Tuesday, May 5, 2015

Commentary: Gettysburg, A Meditation on War and Values, by Kent Gramm

Back in Easter Week, we marked the 150th anniversary of the end of the Civil War, joining churches around the country in ringing our bells to mark time when peace was announced following the surrender at Appomattox.  I grew up in Western Maryland, a land full of reenactors, relic hunters and amateur battle historians, and I’ve always had an interest in this defining event of American history.  Back in 1861, I resolved that I would read take down Shelby Foote’s massive Civil War trilogy from my shelves, where it had gathered dust for over a decade, and read it through as the cycle of anniversaries passed.  Like many of my reading projects, this one proved a bit too ambitious, and I moved on to other things back in 2012. 

However, when my Lenten reading finished, I decided to take up Kent Gramm’s Gettysburg, a book passed onto me with high commendation by our senior warden, Paul Hager.  Paul is an American historian by training, with a special interest in the Civil War, and he assured me that this is one of the best books of its kind, well worth a read. 


He was right, and I enjoyed it a great deal.  Gramm is a master historian, with an encyclopedic knowledge of the battle and its cast of notables.  But he’s also an observant critic of contemporary American life, and building on a maxim of Thoreau’s in his foreword, defines the historian’s task as finding out “not what was, but what is.”  He is acutely aware of the massive tragedy of the war, and seeks to discern if the sacrifices made between the ridges 150 years ago were truly worthwhile.  Generally speaking, he finds us wanting. 

I thought I knew a fair amount about the Battle of Gettysburg, having given a few tours of the battlefield to out-of-town friends when my wife was studying at the seminary there.  But Gramm has walked every inch of the site, analyzed every possible strategic factor, and discovered the deep human drama pulsating beneath the well-known facts of those three bloody days. 

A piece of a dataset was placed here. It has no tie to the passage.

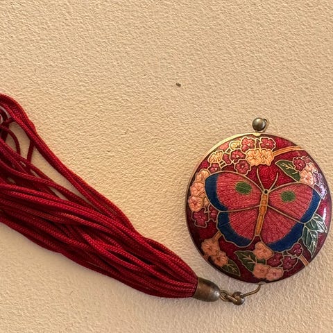 Flott retro sommerfugl brett fra Brasil. Brettet er 41x23,5 cm. Brettet har en liten sprekk i glass(se bilde) knapt synlig.

Civil War historians tend to be a bit like baseball fans in their fixation over maps and statistics, and Gramm assumes a great deal of specific knowledge in his readers without providing them any diagrams.  He delivers his analysis with great confidence, and others could better judge the accuracy of his hypothetical alternatives at each of the battle’s strategic moments.

I enjoyed his storytelling the most, especially his humane and respectful treatment of John Reynolds and Dorsey Pender, two notable generals who perished in the fighting, leaving behind heartbroken lovers.  The heroism of the Iron Brigade and the folly of Pickett’s charge are described in careful and compelling ways, but he also highlights the importance of minor characters, and explains the mechanics of weapons and topography with helpful lucidity  The historian can easily be cruel when his subjects are men under intense pressure making decisions with mortal consequences.  While Gramm is no hagiographer, he does maintain a proper sense of awe in handling the epic days of July, 1863.

Which makes his rather harsh judgment of our own times a bit surprising.  Gramm is deeply disdainful of the materialism and injustice of contemporary American society, and his critique is emboldened by being written against the backdrop of the Gulf War.  He pins a great deal of the blame on “fundagelicals”—conservative evangelicals, whom he excoriates in the harshest possible terms for their complicity with the military industrial complex.  Some of his critiques are probably fair, especially regarding the continuing legacy of racism.  But his rants grow tiresome, and are sometimes only loosely tied to the historical sketches.

With two seminary degrees, Gramm also fancies himself a theologian, and many of his chapters build to a kind of mystical climax.  The Civil War was fought in a landscape shadowed by churches, and many of its heroes were deeply religious men, including, in his own way, the great redeemer, Lincoln, slain on Good Friday.  The role of providence features heavily in Lincoln’s iconic speeches about the war, and many historians of the events have found it necessary, in their own way, to “justify the ways of God to men.” 


Gramm is rather hard to follow in this respect, for all his Psalm quotation and dramatic atonement imagery.  I think he fancies himself a radical Lutheran, but with much more of the “hidden God” than “Christ present in faith.”  Perhaps theologies forged on the battlefield always tend in this direction, and we sinners never really find the longed-for “new birth of freedom.”  Or maybe Gramm is really a first-rate storyteller who’d have done better to write a humbler book.